I think this is fascinating — the lockstep as a backup, a repository for the entire species. Schroeder continues:

They served as literal freezers, preserving ancient human DNA and cultures. All kinds of madness might descend upon the full-speed worlds circling the galaxy’s stars — expansions, contractions, raptures, uploading, downloading, mind control, and body-swapping plagues (quite apart from the usual wars, dark ages and terraforming failures) — but everybody ignored those useless frozen micro-worlds drifting between the stars. Their infinitesimal resources and ancient cultures held no interest to the would-be gods of the inner systems. So once those would-be gods had wiped themselves out, the telltale silence from formerly buzzing stars would alert this or that lockstep, and they would send some colonists back. A few millennia later, the human population on Earth and the other lit worlds would again number in the billions or trillions, and some of those would return to the locksteps…

It’s a way of living deep into the remote future, this lockstep, and it sets up levels of civilization that work at different rates of time, from those who continue, as we do, to live one day for every day that passes, to those who adjust that schedule according to the needs of their environment, which out in the Kuiper Belt or Oort Cloud can be quite different. Freeman Dyson has often talked about the biological differentiation that will occur in our species as we adjust to varying conditions moving outward from the Sun. Schroeder is describing a chronological evolution that takes place as entire cultures become disconnected by their choice of calendars.

So how do you feel about it? Is sleeping for thirty years a waste of time?
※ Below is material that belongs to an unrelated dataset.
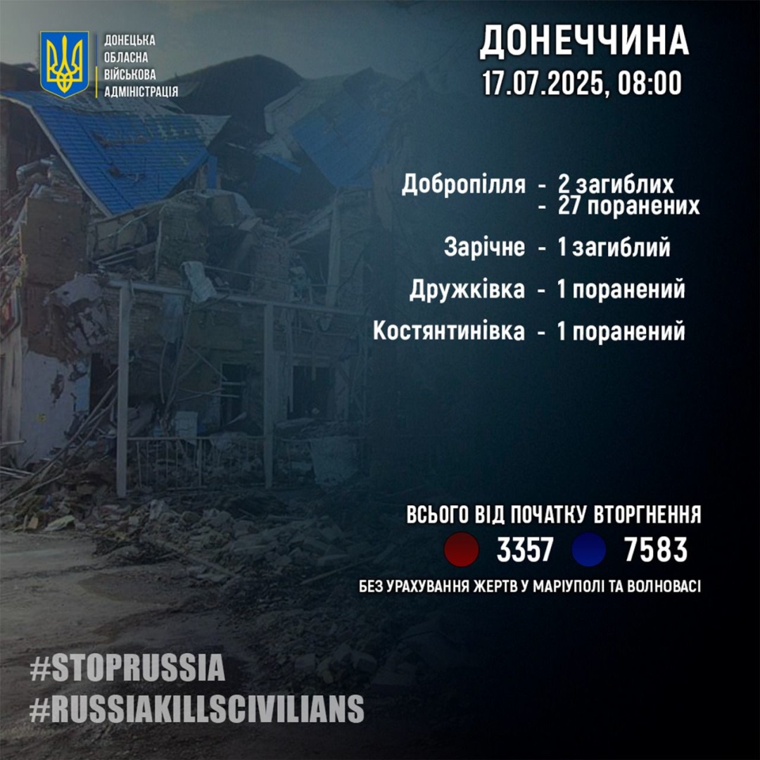 За прошедшие сутки, 16 июля, российские военные нанесли удары по Донецкой области, в результате чего погибли трое мирных жителей, а 29 человек получили ранения

Or is a lockstep a way to continue to live your entire life while what gets ‘burned’ is time that is of little value to you? I’ve always found Karl Schroeder’s work provocative, but Lockstep is a book that keeps coming back to me at odd moments, as I wonder whether people would voluntarily enter into these arrangements in a world where suspended animation was easy, and whether the benefits of a lockstep to the teeming worlds on the Solar System’s edge would outweigh the break from the culture that had spawned the original colonists. I don’t have the answers here, but good science fiction, and this is very good science fiction, asks extraordinarily provocative questions.